Punjab Chief Minister (CM) Amarinder Singh on Thursday lashed out at Shiromani Akali Dal (SAD) chief Sukhbir Singh Badal for trying to drag the “innocent” Gandhi family into the 1984 riots case, in which he said “only a few individual Congress leaders were involved without any support, covert or overt, from the party leadership”.
Sukhbir had on Wednesday asked Congress president Rahul Gandhi to tell the people whether he would expel Jagdish Tytler from the Congress and remove Kamal Nath from the post of chief minister of Madhya Pradesh or wait for them to be sentenced by courts before taking action against them.

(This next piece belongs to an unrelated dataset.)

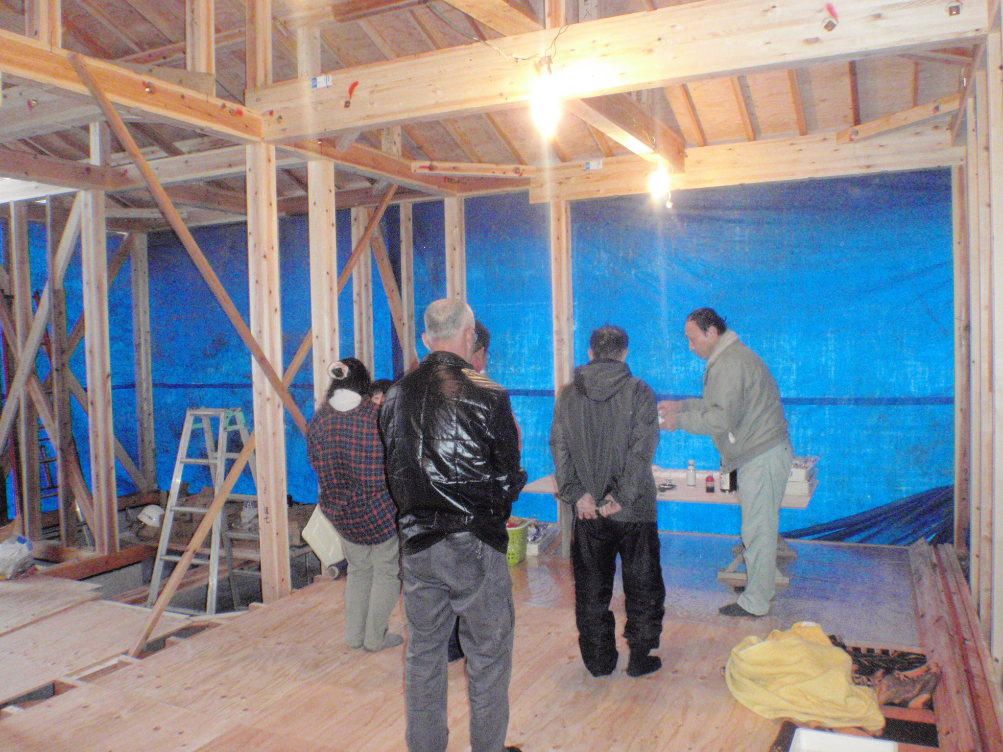 夕方5時ころからは雨が降っていたので家の中で上棟式。

He had also demanded Gandhi to explain his silence and also clarify why he tried to mislead the people a few months back by claiming that no Congress leader was involved in the 1984 Sikh massacres.

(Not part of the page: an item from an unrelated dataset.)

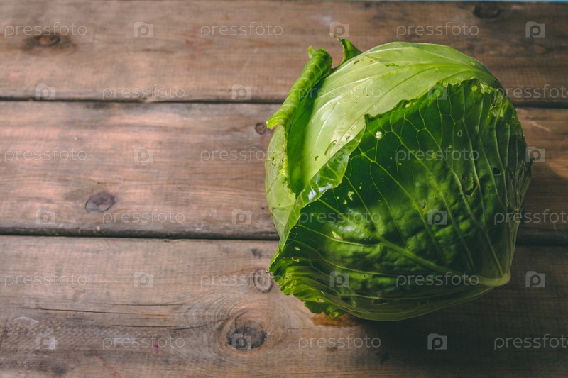 Свежая капуста на деревянном деревенском столе. Копируйте пространство. Здоровая еда. Сырые овощи

Reacting to this, the CM ridiculed the SAD president’s “frustrated” attempts to undermine Rahul Gandhi’s leadership, under which the Congress recently won the Assembly elections in three major states. “It was evident that Sukhbir was desperately trying to grab at straws to fight back into the electoral game ahead of the parliamentary polls,” said Amarinder.
Lambasting the Akalis for exploiting religious sensitivities to garner electoral support, the CM asked Sukhbir to stop politicising such a sensitive issue.
“Misusing religion for political gains will not yield any dividends for the SAD and would backfire on the party in the Lok Sabha elections, as it had done in the 2017 Assembly polls,” he added.
The CM reiterated his stance that while individuals who had any role to play in spreading mayhem against the Sikh community deserved to be punished and should pay for their crimes, it was irrational to try and drag the Congress party as a whole, or the Gandhis, into the case.
“Rahul Gandhi was a school-going child and his father Rajeev Gandhi was away in West Bengal at the time of the violence,” Amarinder pointed out, lambasting Sukhbir for trying to exploit the religious sentiments of the Sikhs for “petty political gains”.
“Criminals have no religion and are not affiliated to any political party,” said Amarinder, adding that all those responsible for perpetrating the violence in the wake of the then Prime Minister Indira Gandhi’s assassination would pay for their crimes.
“The courts have already set a precedent in the case by sentencing Sajjan Kumar to life term,” said the CM, expressing confidence that others guilty of the heinous crime would also meet the same fate.